SCALABLE SYSTEM FOR MEASUREMENT AND TRANSFER OF DATA FROM INSIDE A PIPELINE DISPOSED SUBSEA AND METHODS OF USE

Description

RELATION TO OTHER APPLICATIONS

This application claims priority through U.S. Provisional Application 63/682,973 filed on Aug. 14, 2024, incorporated herein by reference.

BACKGROUND

With respect to examining subsea pipelines, dragging a sensor array with a long cable through the pipeline is the only current way to attain data such as pressure and temperature data. The overall problem measuring parameters for these data, e.g., internal temperature and pressure inside a pipe, is well known.

FIGURES

Various figures are included herein which illustrate aspects of embodiments of the disclosed inventions.

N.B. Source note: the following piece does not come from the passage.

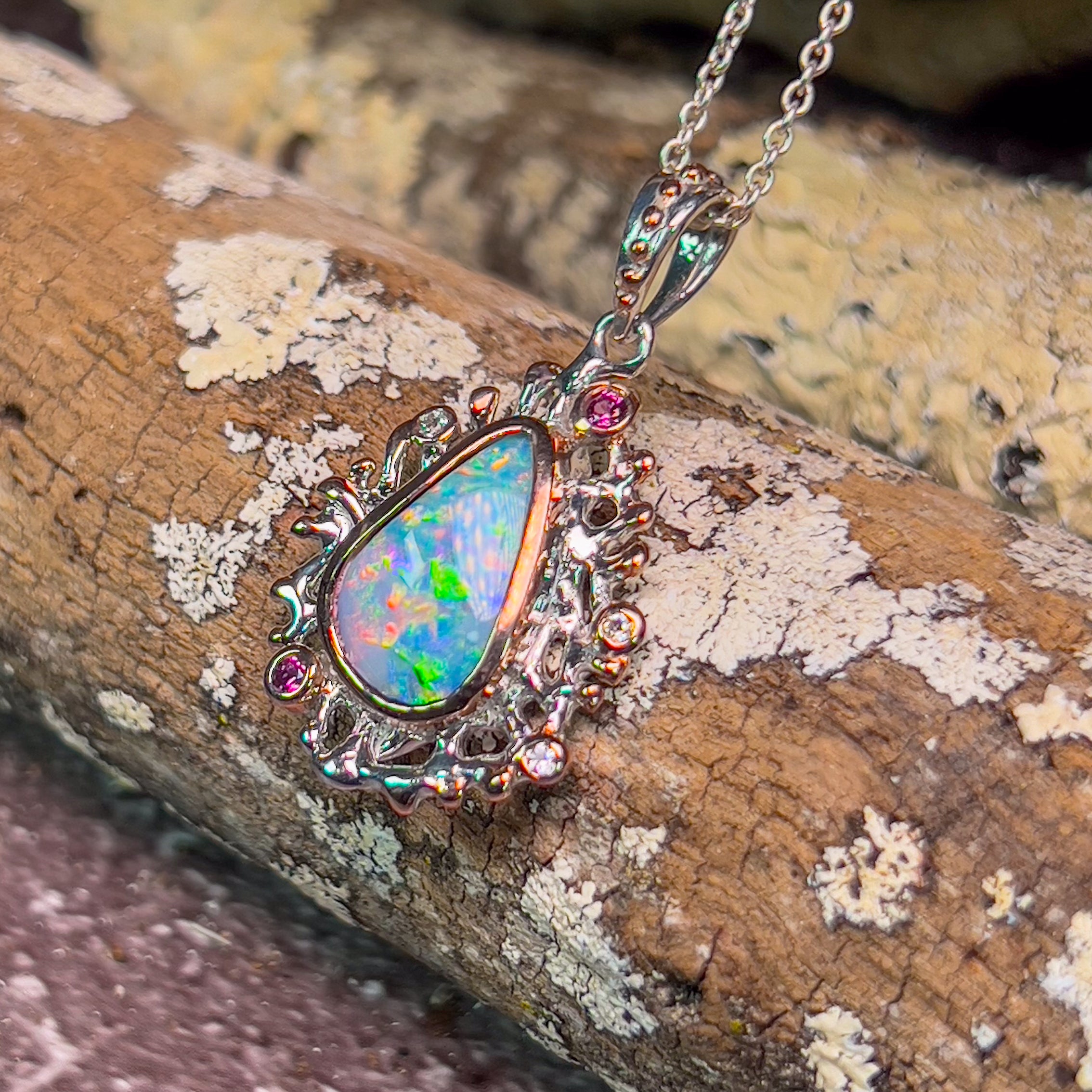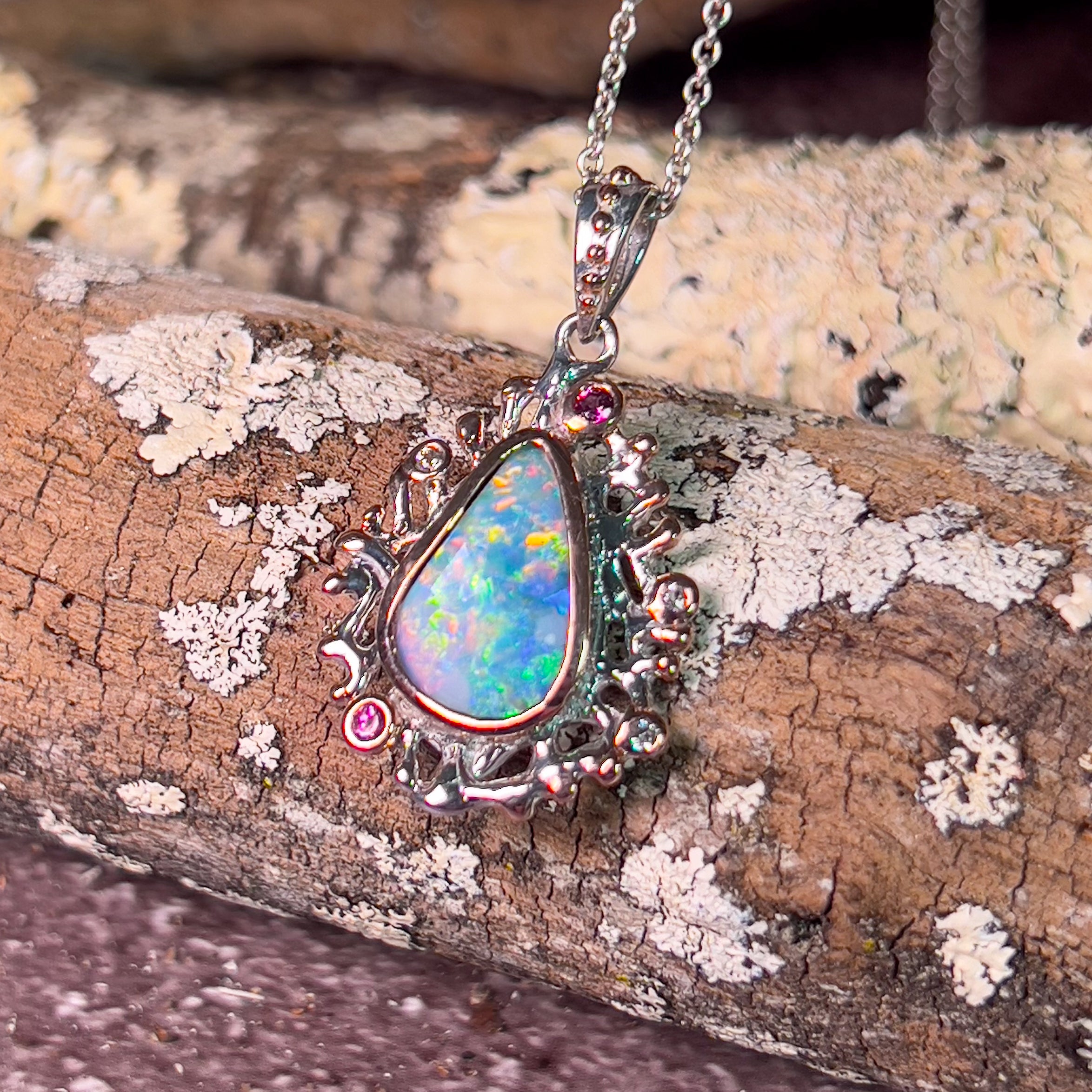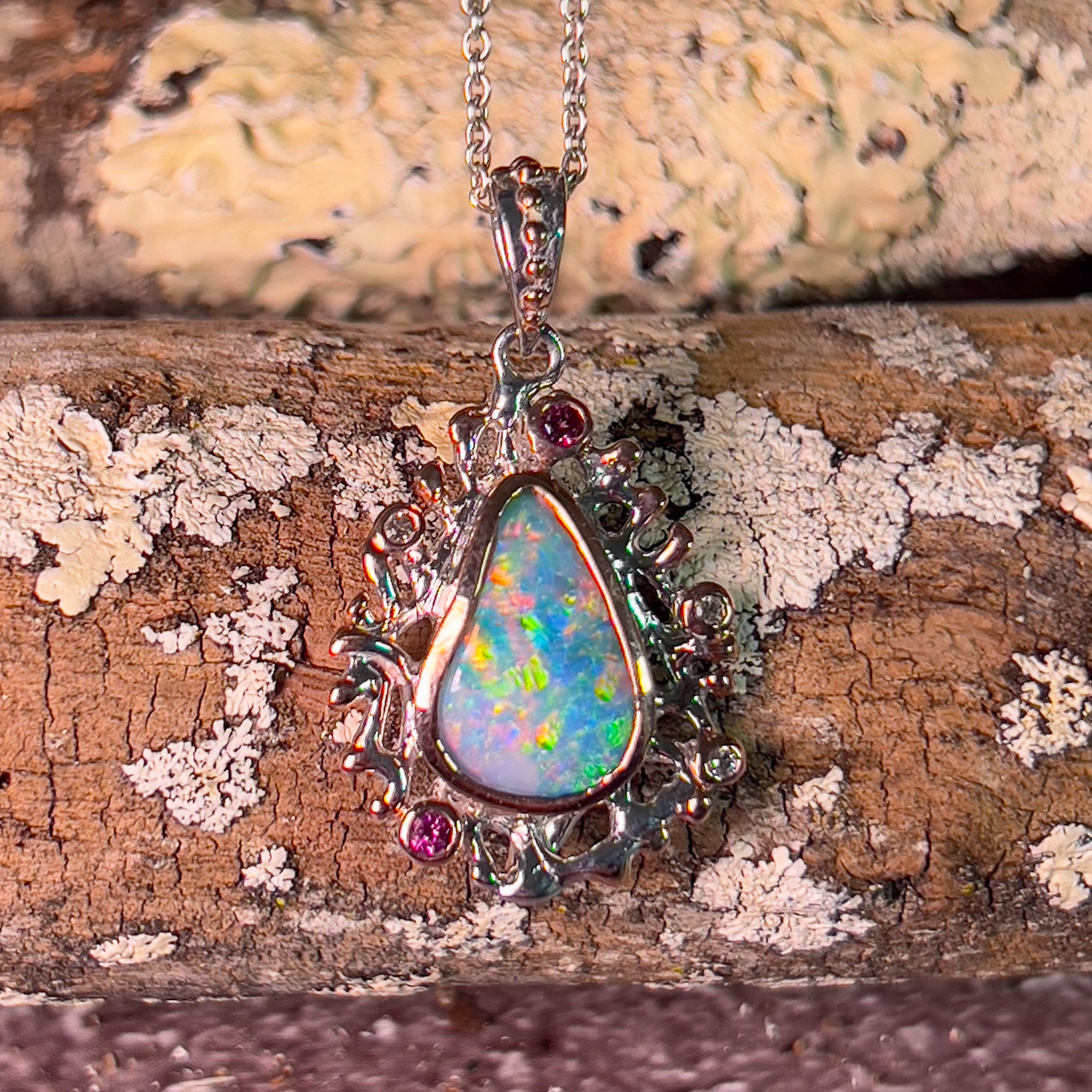 Sterling Silver Two tone coral design Opal and colour stone pendant

FIG. 1 is a view in partial perspective of a first embodiment of a communication and power transmission system;

FIG. 2 is a schematic view of an embodiment of a communication and power transmission system;

FIG. 3 is a schematic view of a further embodiment of a communication and power transmission system;

FIG. 4 is a schematic view of a further embodiment of a communication and power transmission system;

FIG. 5 is a schematic view of an embodiment of a communication and power transmission system;

FIG. 6 is a schematic view of a magnetic wheatstone simulation of power transfer;

FIGS. 7-9 are schematic views of “see-through”systems;

FIGS. 10-11 are partially transparent views of exemplary inside and outside modules positioned about a tubular such as a fluid flow tubular.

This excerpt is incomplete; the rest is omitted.